La dernière rubrique, peut-être la plus hétéroclite, apparaît centrale lorsqu’on parle d’un Festival né dans une Europe meurtrie et divisée, évoluant aujourd’hui dans un monde (culturel) ouvert voire globalisé, ancré dans un territoire historiquement chargé et ouvert sur la Méditerranée. Les « lieux » du Festival, s’ils avaient déjà été abordés dans d’autres textes, sont plus systématiquement repris et sont, en eux-mêmes révélateurs de l’évolution d’une vision artistique (Le Grand Théâtre de Provence qui accueillera le premier Ring du Festival), voire politique (la réhabilitation du Stadium de Vitrolles avec Résurrection). Plusieurs structures sont mises en place pour œuvrer à la formation et au dialogue entre cultures et traditions musicales : créée en 1998 et aujourd’hui intégrée au réseau européen ENOA d’académies d’opéra, l’Académie du Festival est un vivier de création et de formation de jeunes artistes qui occupe désormais une place importante dans la programmation du Festival. En outre, l’Orchestre des Jeunes de la Méditerranée (OJM), créé en 1984, regroupe des musiciens provenant de 17 pays des deux rives de la Méditerranée. Ouvert par exemple au jazz et aux musiques traditionnelles, l’OJM a contribué à faire émerger un nouveau répertoire au Festival. La fin du numéro offre un aperçu passionnant du déroulement d’une année, d’une édition à une autre, et quelques pistes (à prolonger absolument) en matière de responsabilité sociale des organisations, question relativement nouvelle mais déjà centrale dans la gestion actuelle des institutions et (co-)productions lyriques.

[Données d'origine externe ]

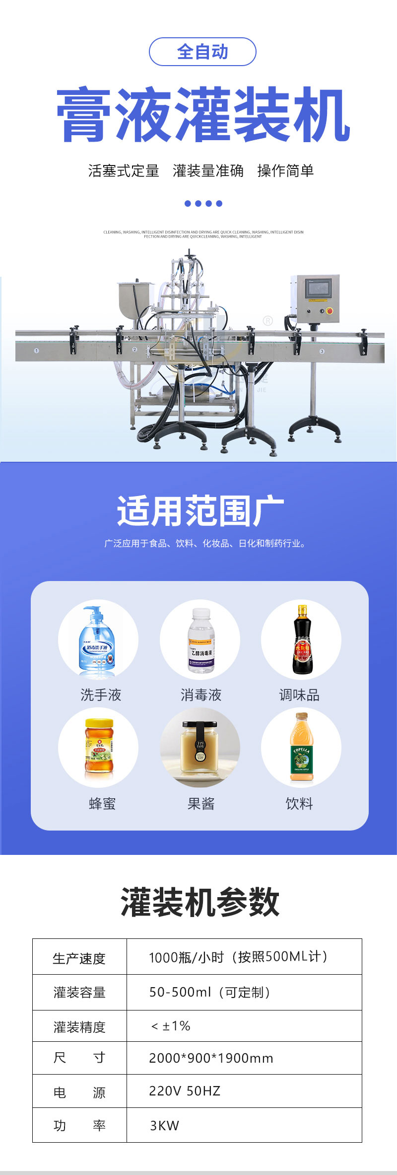 全自動膏液灌裝機適用于食品、飲料、化妝品、日化和制藥行業(yè)。灌裝頭設有特殊防漏裝置,灌裝無拉絲,滴漏現象。
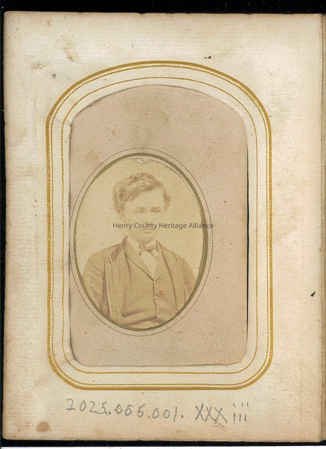 The image shows a vintage portrait of a young man wearing formal attire, enclosed in an oval frame.
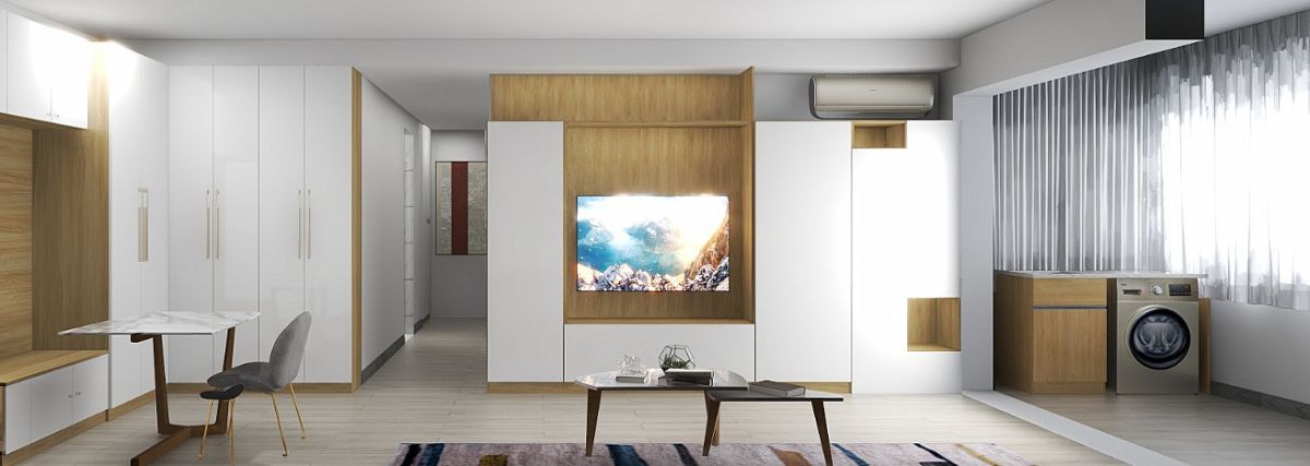↑ 客廳,收納柜與電視背景墻結合,將儲物做到極致。抽屜以及不同大小的柜子,方便各類物品的存放。嵌入式空調的設計,更整體統一 ,提升空間整潔度。
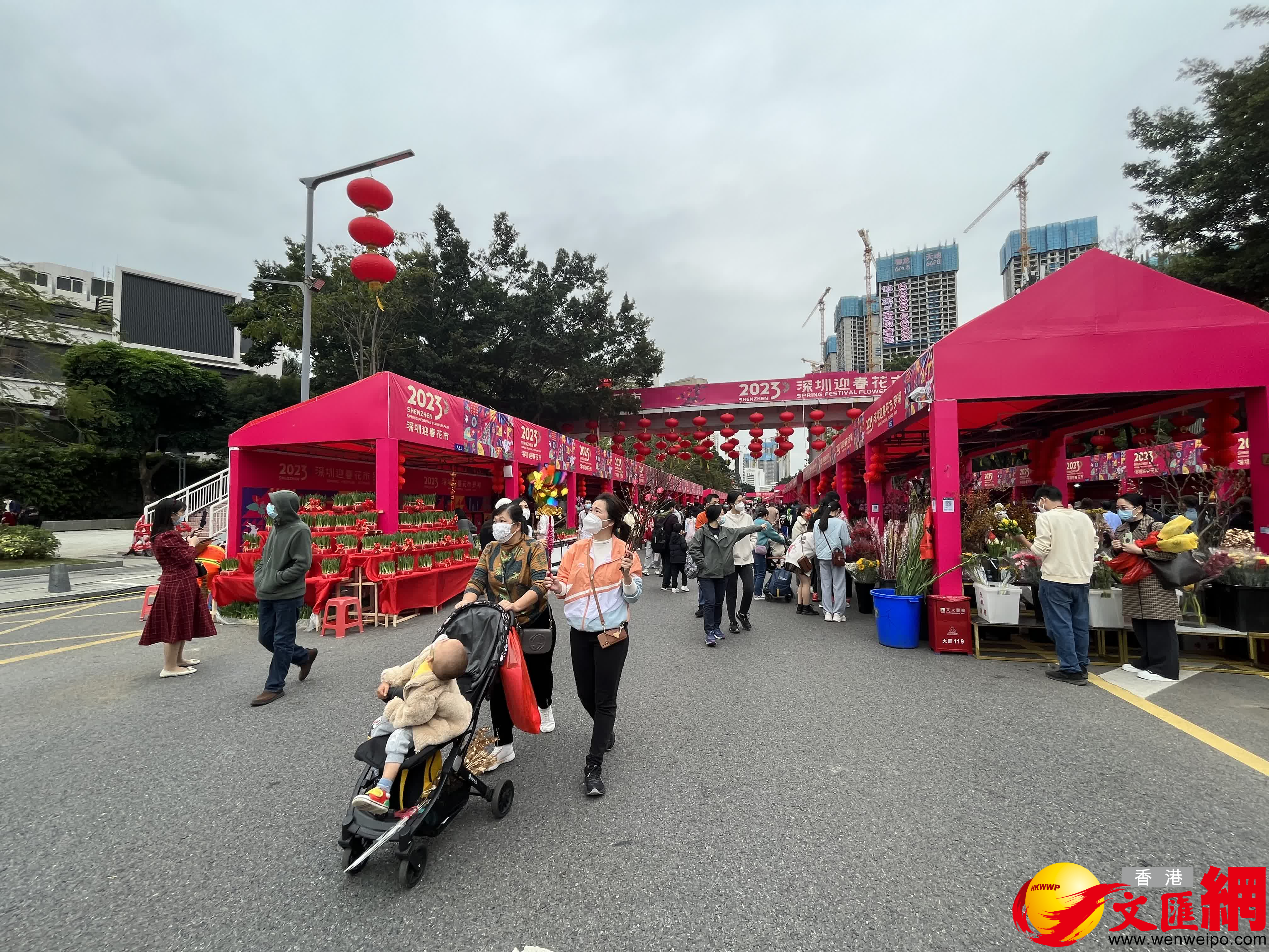 (香港文匯網記者 李望賢 深圳報道)花市熱鬧開幕,年味濃濃迎新春。深圳愛國路花市時隔六年重啟,除了爭奇鬥豔的年花,還有花車巡遊、夜市燈會、漢服快閃、祈願賞花燈等全新體驗,年味十足、驚喜滿滿。不少市民感慨,逛一逛花市,重新感受到了過年的喜慶氣氛,有了「年味」。特別值得一提的是,深港通關逐步復常,花市開展期間,羅湖特別設置口岸穿梭巴士,途經愛國路花市及東門、蔡屋圍、筍崗、水貝、人民南等五大核心商業街區,現場亦設置巨大的招牌歡迎港人。
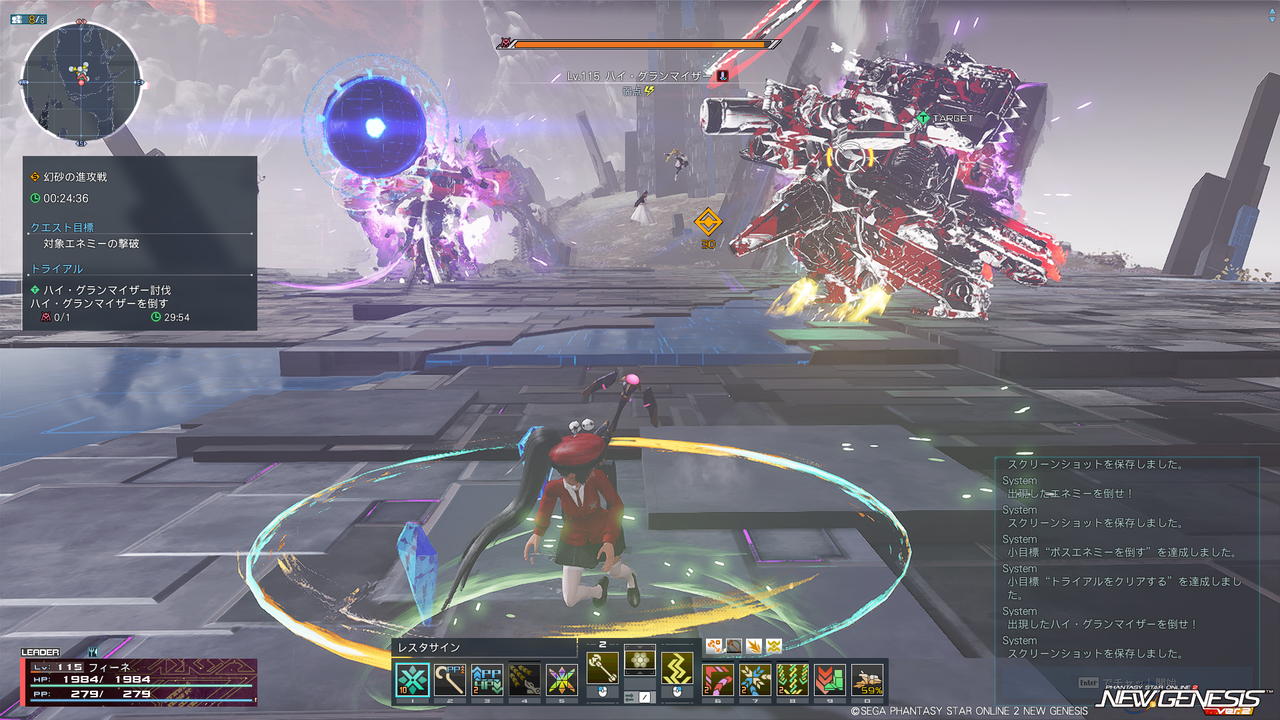 ラストは変わらず「ハイ・グランマイザー」だが、お供が「ハイ・ギルナッチ」×2体のみで追加出現もない。トライアルはハイ・グランマイザーのみが対象だが、ハイ・ギルナッチの回復を考えるとどのみち全部倒すことになりそう。ハイ・ギルナッチ2体を倒すとオルタ・ドロームが湧いて、倒すとフォトンブラストサインが出る。
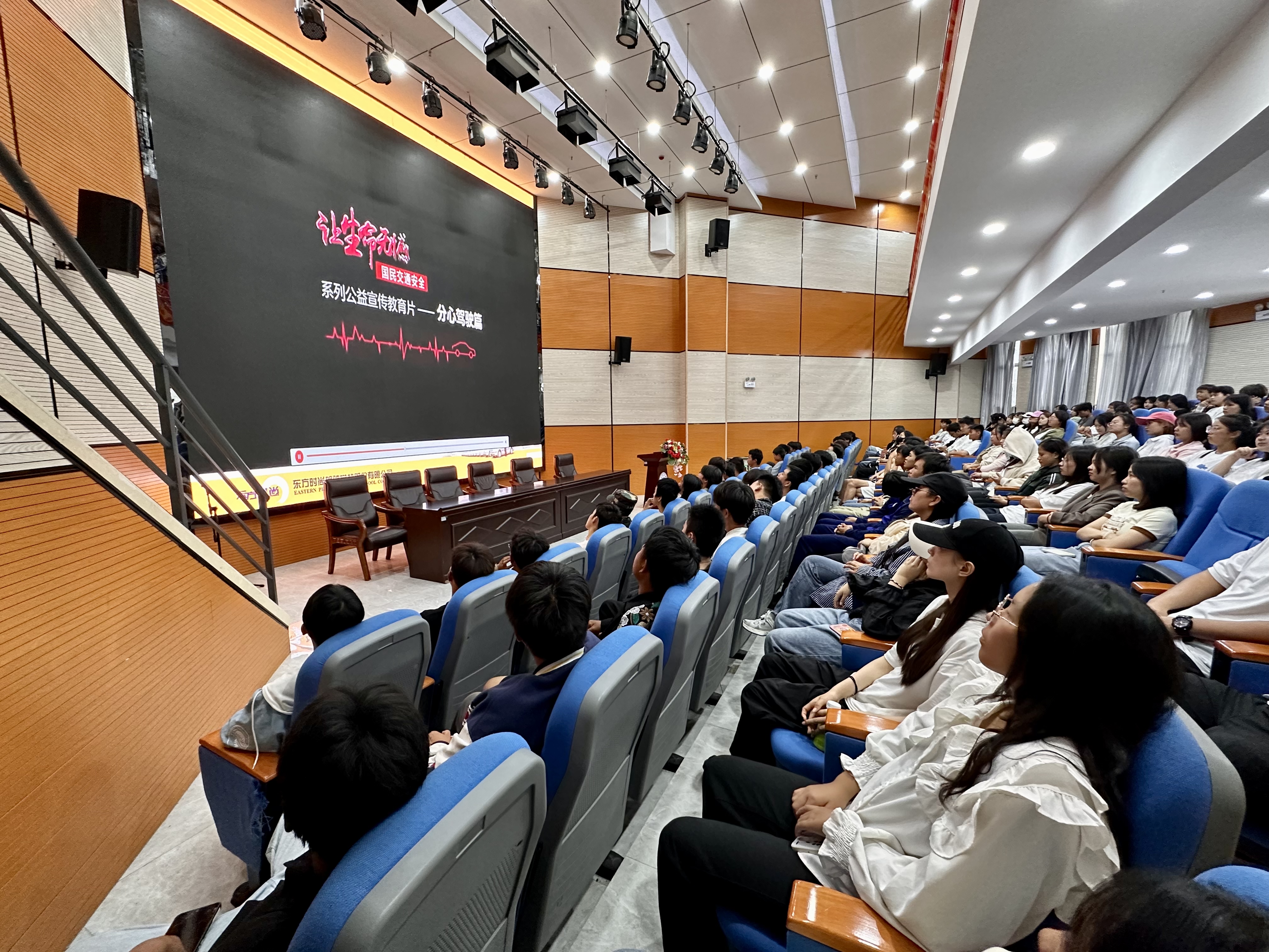 讲座中赵老师用教学视频播放观看事生活中的实际案例,为学生详细阐述交通安全的重要性,树立交通安全意识。希望全校师生从自己做起,增强自身安全交通意识,在全校形成“关爱生命、文明出行”的良好氛围。
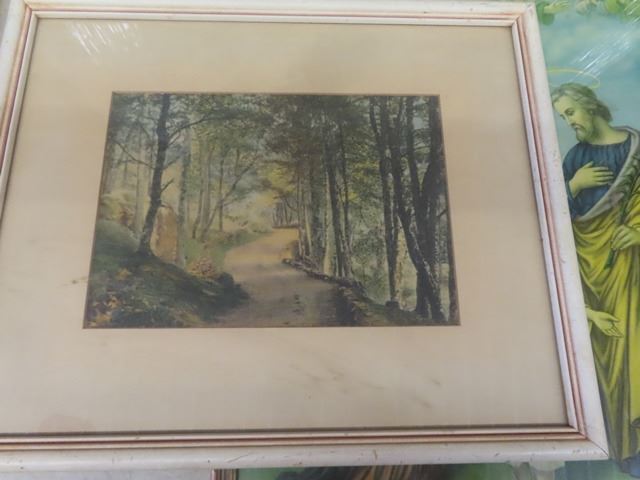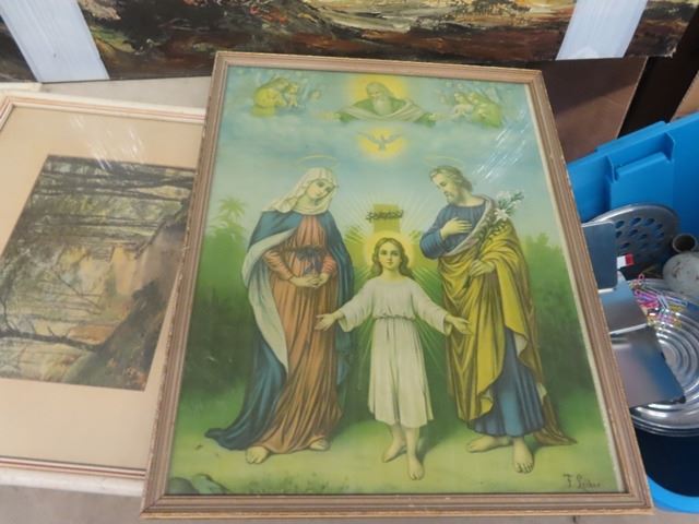 6 Old Pictures; Large Framed Oil on Canvas, Mill, Oil on Canvas Lake Scene, 1 Religious, 3 Smaller Framed Pictures

Fidèle à sa ligne éditoriale, l’Avant-scène propose ici un numéro à la fois riche, précis et fluide. Le spécialiste y trouvera d’une part de très nombreuses données historiques et factuelles et, d’autre part, un beau matériau pour une réflexion globale sur la place de l’opéra et d’un Festival dans le monde contemporain. Le néophyte y trouvera une présentation et un langage accessibles, et la promesse d’un beau voyage.